SUPERVISORY RESPONSIBILITY
This position has no supervisory responsibilities.
WORK ENVIRONMENT
This job operates in a professional office environment. This role routinely uses standard office equipment such as computers, phones, photocopiers, filing cabinets and fax machines. This role occasionally must lift and carry the office equipment. Occasional evening, night and weekend shifts are required.
Work Location
Due to state law and tax implications, remote work candidates must live and work in one of the following states: California, Texas, Washington, Florida, Tennessee, New York, or Colorado.
PHYSICAL/MENTAL DEMANDS
-
Physical - This is a sedentary role.
-
Mental - Problem solving, making decisions, interpreting data, organize, read/write.
-
Reasonable accommodation may be made to enable individuals with disabilities to perform the essential functions.
TRAVEL
Annual travel to the San Diego office headquarters is expected for this position.

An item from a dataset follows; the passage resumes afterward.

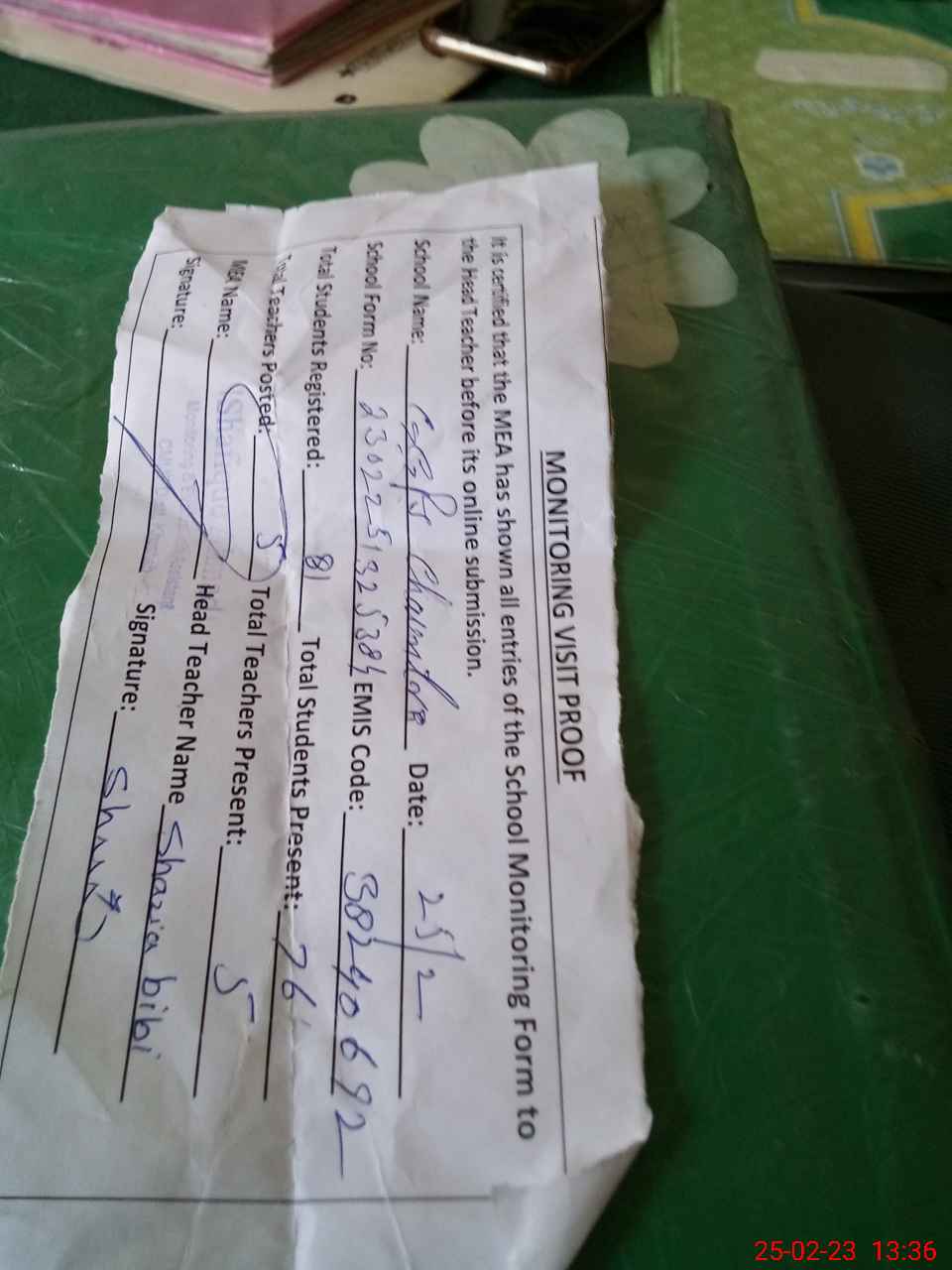 | Attendance Register | Head Teacher | MEA with School | Visit Proof |

Preferred Education And Experience
-
Bachelor's degree or equivalent experience.
-
7+ years of proven experience deploying and maintaining always-on data services.
-
2+ years building and maintaining Spark notebook-based pipelines in Microsoft Fabric.
-
2+ years of experience working with Microsoft Fabric
-
2+ years of experience working with Microsoft Azure
-
2+ years of experience with Delta Lake.
-
1+ years of experience with SQL Server.
Benefits
-
Paid Time Off, Paid Sick Leave, Paid Holidays
-
Competitive Medical, Dental, Vision, Short Term Disability, and Life Insurance
-
401(k) plan with discretionary match available
-
Flexible Spending Account (FSA), Health Savings Account (HSA)
-
Voluntary benefits including Critical Illness, Group Accident, and Voluntary Life
-
Employee Referral Program
-
Exposure to a growing ecommerce company
-
Discounts on the GOVX website
Salary Range
$120,000 - 140,000 Annually
AAP/EEO Statement
EOE. Veterans/Disabled. Reasonable accommodation may be made to enable individuals with disabilities to perform the essential functions.
Position will require successful completion of a background check and drug testing prior to starting employment.
About GOVX, Inc.
Savings for Those Who Serve
GOVX was founded in 2011 to offer exclusive benefits to those who serve our country. The GOVX membership is comprised of current and former members of the United States military, law enforcement, firefighting, medical services, and government personnel. We are dedicated to supporting these communities and to offering unique value to our members, while delivering an authentic platform for brands to reach our growing customer base. As the largest and fastest growing digital platform serving this deserving audience, we are committed to stretching the limits of ecommerce to deliver the best assortment for our members' on-duty and off-duty needs.